▶ [RECORDED INFORMATION]:
-----

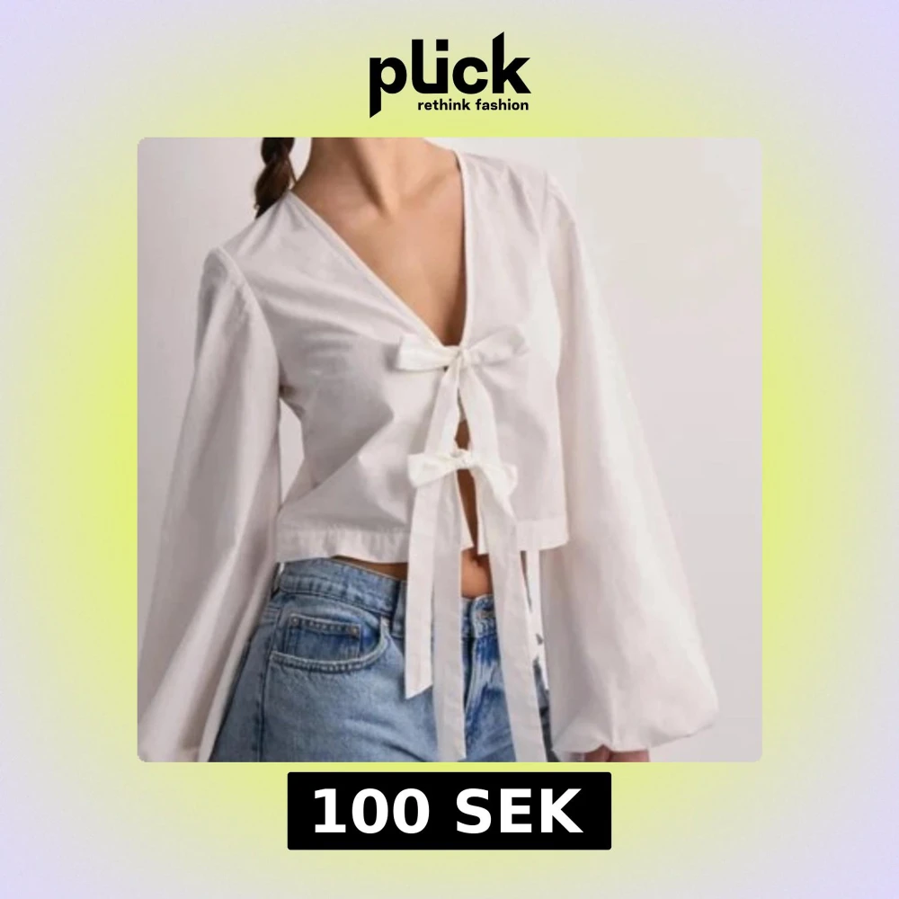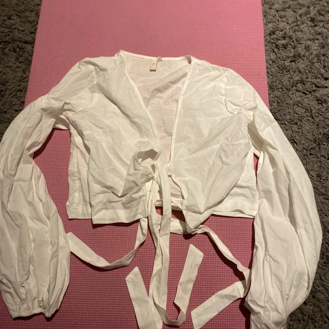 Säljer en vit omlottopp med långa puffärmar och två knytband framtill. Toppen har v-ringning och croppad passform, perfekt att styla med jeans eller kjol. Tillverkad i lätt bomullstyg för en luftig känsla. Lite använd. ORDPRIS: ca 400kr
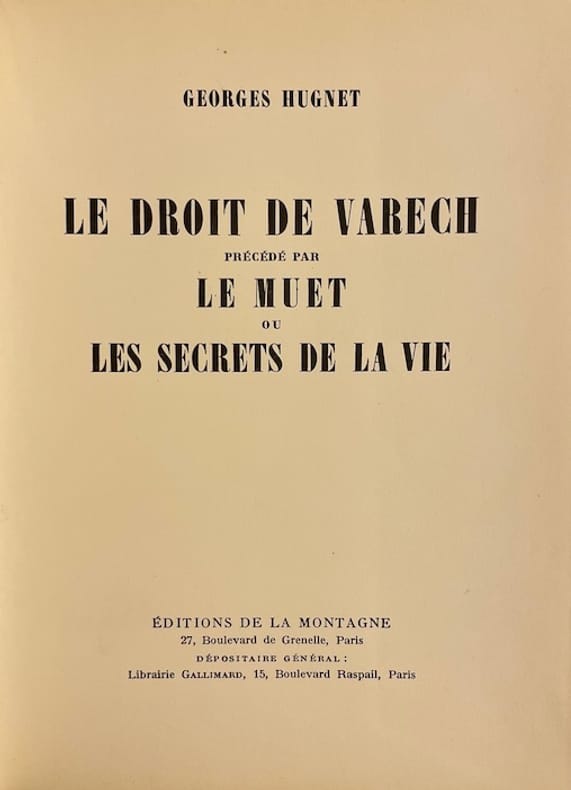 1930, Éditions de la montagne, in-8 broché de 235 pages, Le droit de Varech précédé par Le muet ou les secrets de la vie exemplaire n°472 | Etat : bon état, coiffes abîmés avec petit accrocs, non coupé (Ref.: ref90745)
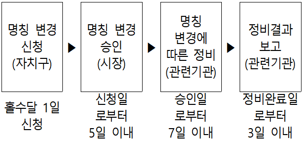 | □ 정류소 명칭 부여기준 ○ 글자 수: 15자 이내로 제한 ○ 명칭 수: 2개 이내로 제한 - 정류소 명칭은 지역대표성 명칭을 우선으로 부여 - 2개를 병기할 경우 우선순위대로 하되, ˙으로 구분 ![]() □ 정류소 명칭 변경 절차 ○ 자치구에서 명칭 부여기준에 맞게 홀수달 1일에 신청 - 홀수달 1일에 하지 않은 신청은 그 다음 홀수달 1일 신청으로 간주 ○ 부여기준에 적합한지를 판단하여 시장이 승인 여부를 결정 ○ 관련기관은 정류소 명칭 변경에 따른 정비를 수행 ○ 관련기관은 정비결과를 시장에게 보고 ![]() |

-----

▶ [WORK REQUEST]: Please print all the data above word for word. Pictures should not appear in the copy.

▶ [REPLY]:
 Säljer en vit omlottopp med långa puffärmar och två knytband framtill. Toppen har v-ringning och croppad passform, perfekt att styla med jeans eller kjol. Tillverkad i lätt bomullstyg för en luftig känsla. Lite använd. ORDPRIS: ca 400kr
 1930, Éditions de la montagne, in-8 broché de 235 pages, Le droit de Varech précédé par Le muet ou les secrets de la vie exemplaire n°472 | Etat : bon état, coiffes abîmés avec petit accrocs, non coupé (Ref.: ref90745)
 | □ 정류소 명칭 부여기준 ○ 글자 수: 15자 이내로 제한 ○ 명칭 수: 2개 이내로 제한 - 정류소 명칭은 지역대표성 명칭을 우선으로 부여 - 2개를 병기할 경우 우선순위대로 하되, ˙으로 구분 ![]() □ 정류소 명칭 변경 절차 ○ 자치구에서 명칭 부여기준에 맞게 홀수달 1일에 신청 - 홀수달 1일에 하지 않은 신청은 그 다음 홀수달 1일 신청으로 간주 ○ 부여기준에 적합한지를 판단하여 시장이 승인 여부를 결정 ○ 관련기관은 정류소 명칭 변경에 따른 정비를 수행 ○ 관련기관은 정비결과를 시장에게 보고 ![]() |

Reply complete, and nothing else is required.